◆ WHAT YOU WILL DO:
From the records below, print exactly the lines starting at the one containing "Les travaux ont" and ending at the one containing "[25] ـ جمال", ends included, and nothing else.

◆ RECORDS PROVIDED:
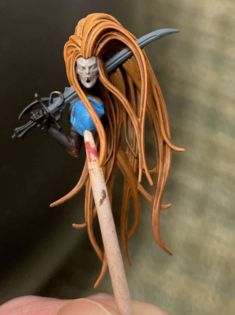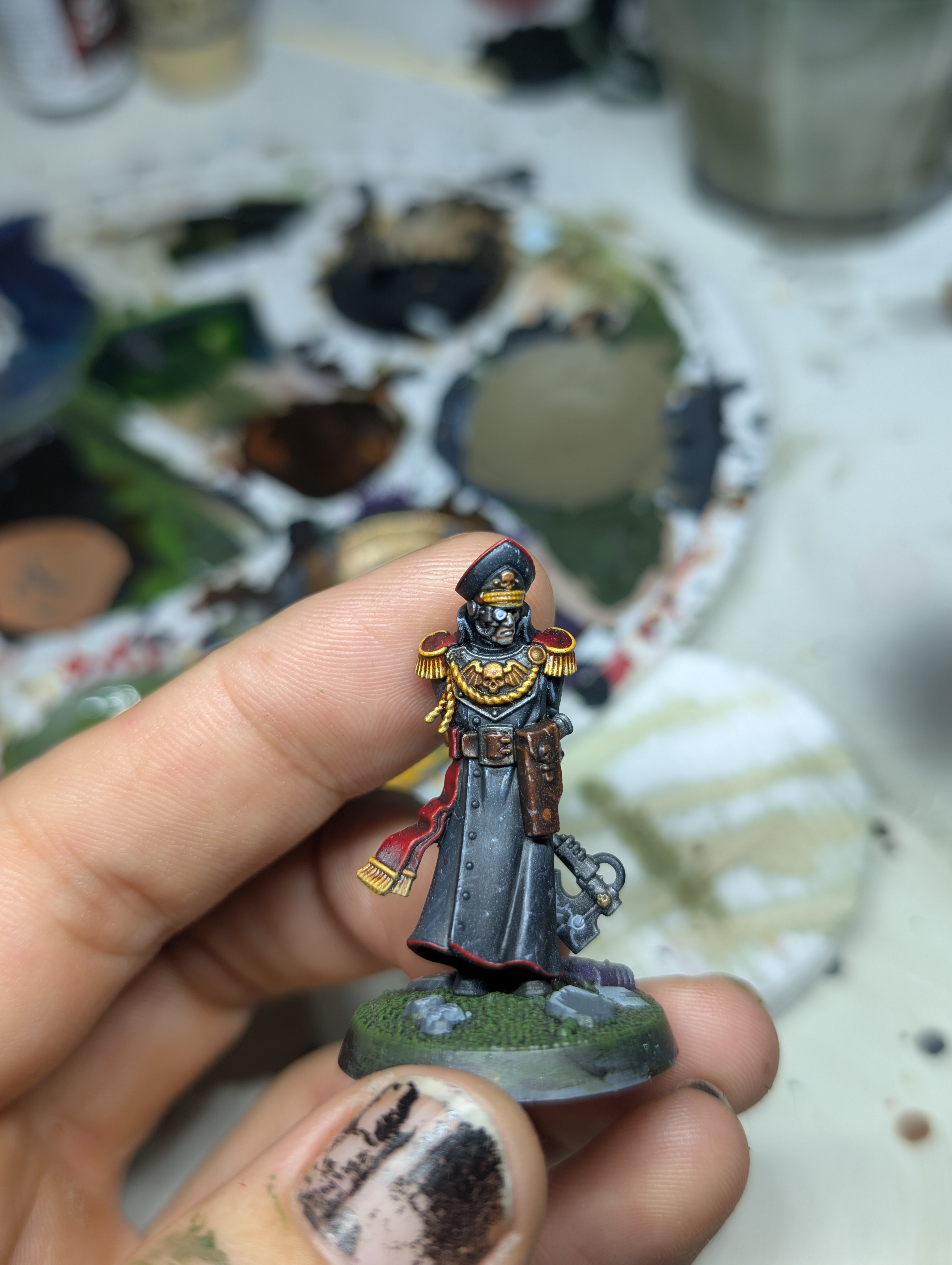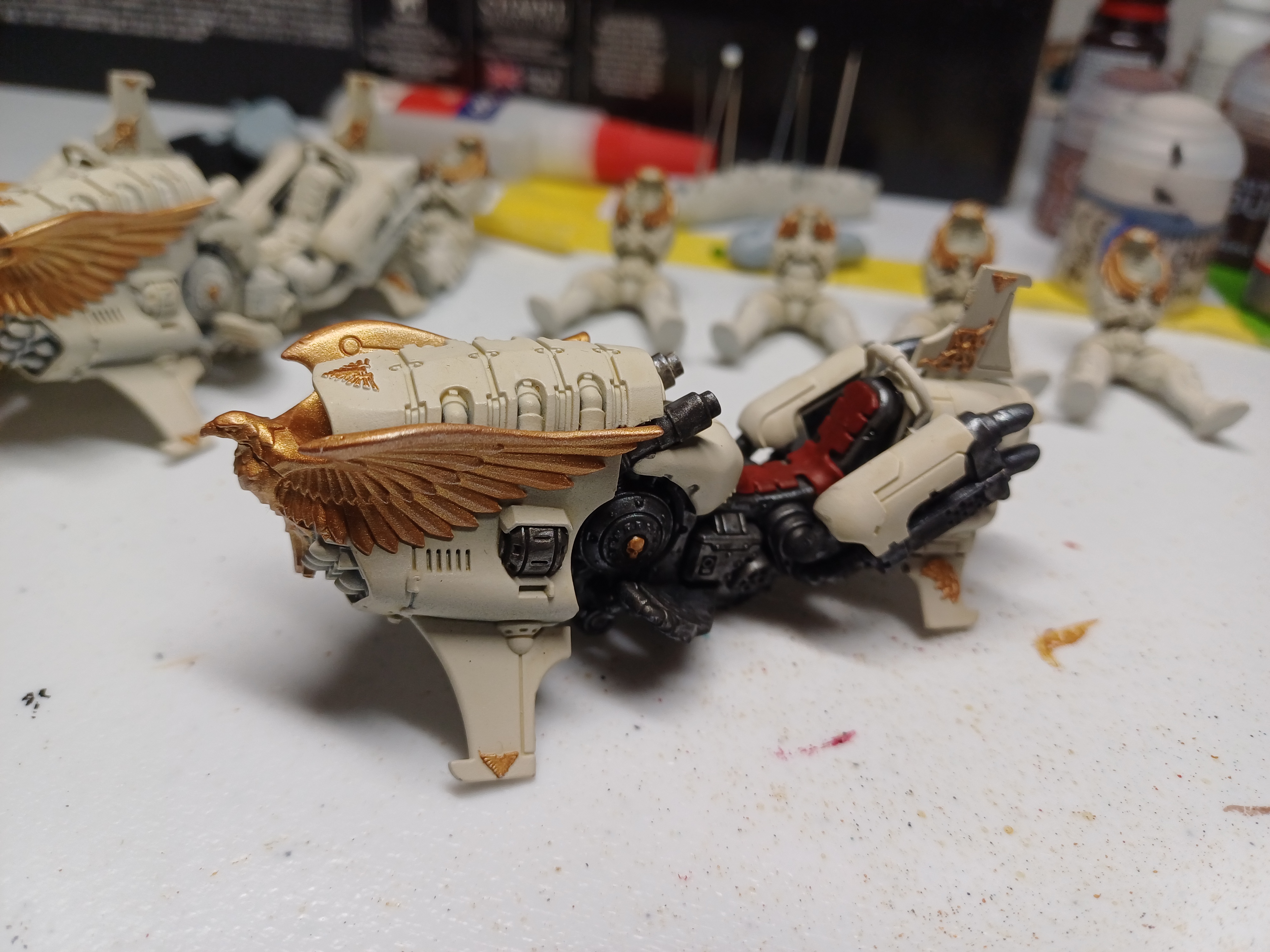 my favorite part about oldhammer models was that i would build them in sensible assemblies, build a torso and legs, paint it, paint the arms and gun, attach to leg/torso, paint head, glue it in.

==

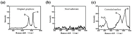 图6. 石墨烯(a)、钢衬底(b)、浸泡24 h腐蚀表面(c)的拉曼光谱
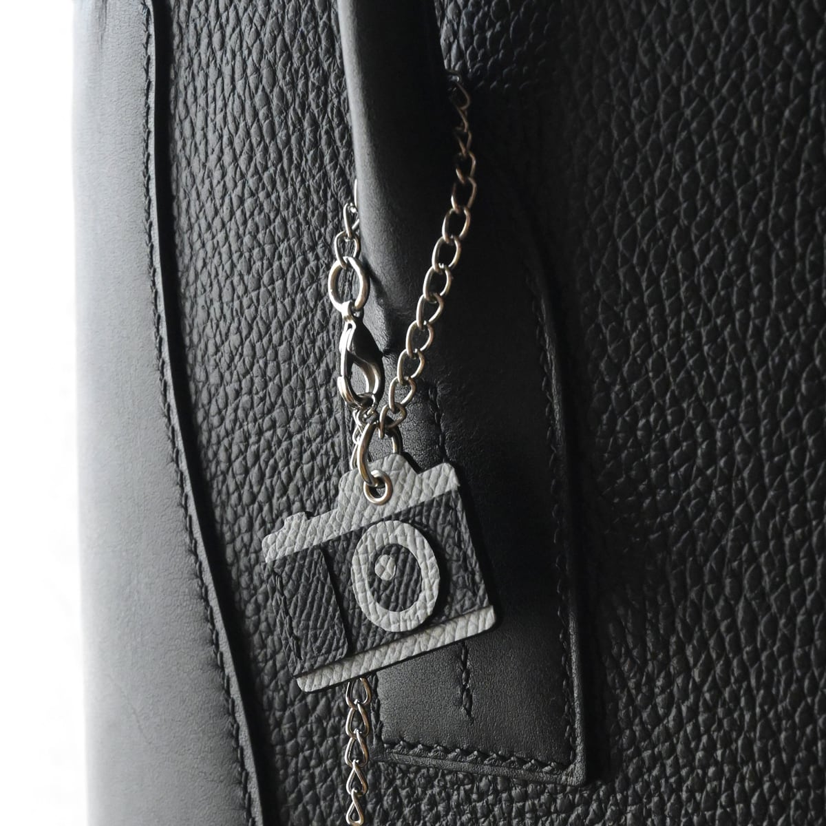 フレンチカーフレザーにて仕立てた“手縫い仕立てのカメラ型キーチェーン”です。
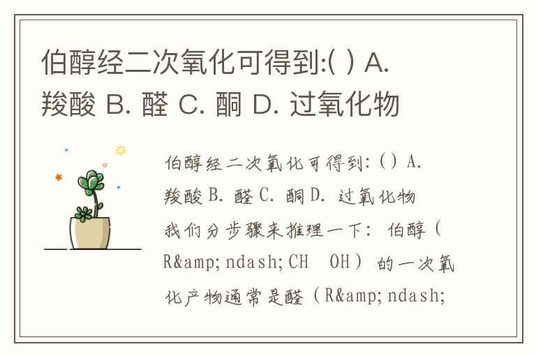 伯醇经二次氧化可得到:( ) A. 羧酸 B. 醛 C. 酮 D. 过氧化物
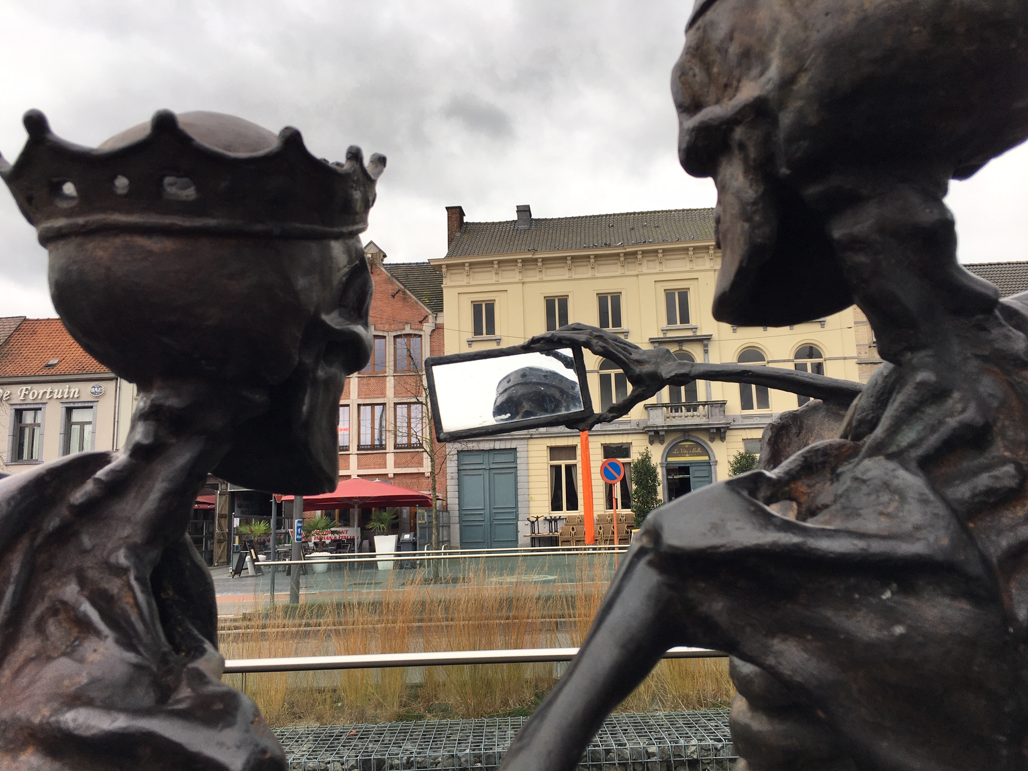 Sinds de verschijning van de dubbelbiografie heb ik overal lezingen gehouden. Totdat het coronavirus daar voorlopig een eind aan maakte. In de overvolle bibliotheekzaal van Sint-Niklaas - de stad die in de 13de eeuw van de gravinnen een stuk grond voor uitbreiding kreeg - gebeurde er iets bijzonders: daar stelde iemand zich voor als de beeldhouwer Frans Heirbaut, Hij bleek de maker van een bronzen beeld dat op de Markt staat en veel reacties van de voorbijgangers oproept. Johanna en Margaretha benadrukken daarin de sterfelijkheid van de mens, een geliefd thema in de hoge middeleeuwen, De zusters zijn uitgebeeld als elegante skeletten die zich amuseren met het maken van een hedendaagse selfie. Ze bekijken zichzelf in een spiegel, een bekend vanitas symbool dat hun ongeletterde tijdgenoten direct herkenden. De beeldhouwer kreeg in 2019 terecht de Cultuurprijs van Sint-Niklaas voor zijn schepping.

---

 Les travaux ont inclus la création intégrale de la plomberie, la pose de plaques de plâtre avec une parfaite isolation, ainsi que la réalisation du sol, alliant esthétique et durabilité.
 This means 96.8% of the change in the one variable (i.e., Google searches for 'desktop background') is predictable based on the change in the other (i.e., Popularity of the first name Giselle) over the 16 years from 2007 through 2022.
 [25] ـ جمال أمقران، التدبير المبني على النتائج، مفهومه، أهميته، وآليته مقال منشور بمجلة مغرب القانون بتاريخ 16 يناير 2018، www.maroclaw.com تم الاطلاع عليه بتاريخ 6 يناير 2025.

◆ EXPECTED OUTPUT:
 Les travaux ont inclus la création intégrale de la plomberie, la pose de plaques de plâtre avec une parfaite isolation, ainsi que la réalisation du sol, alliant esthétique et durabilité.
 This means 96.8% of the change in the one variable (i.e., Google searches for 'desktop background') is predictable based on the change in the other (i.e., Popularity of the first name Giselle) over the 16 years from 2007 through 2022.
 [25] ـ جمال أمقران، التدبير المبني على النتائج، مفهومه، أهميته، وآليته مقال منشور بمجلة مغرب القانون بتاريخ 16 يناير 2018، www.maroclaw.com تم الاطلاع عليه بتاريخ 6 يناير 2025.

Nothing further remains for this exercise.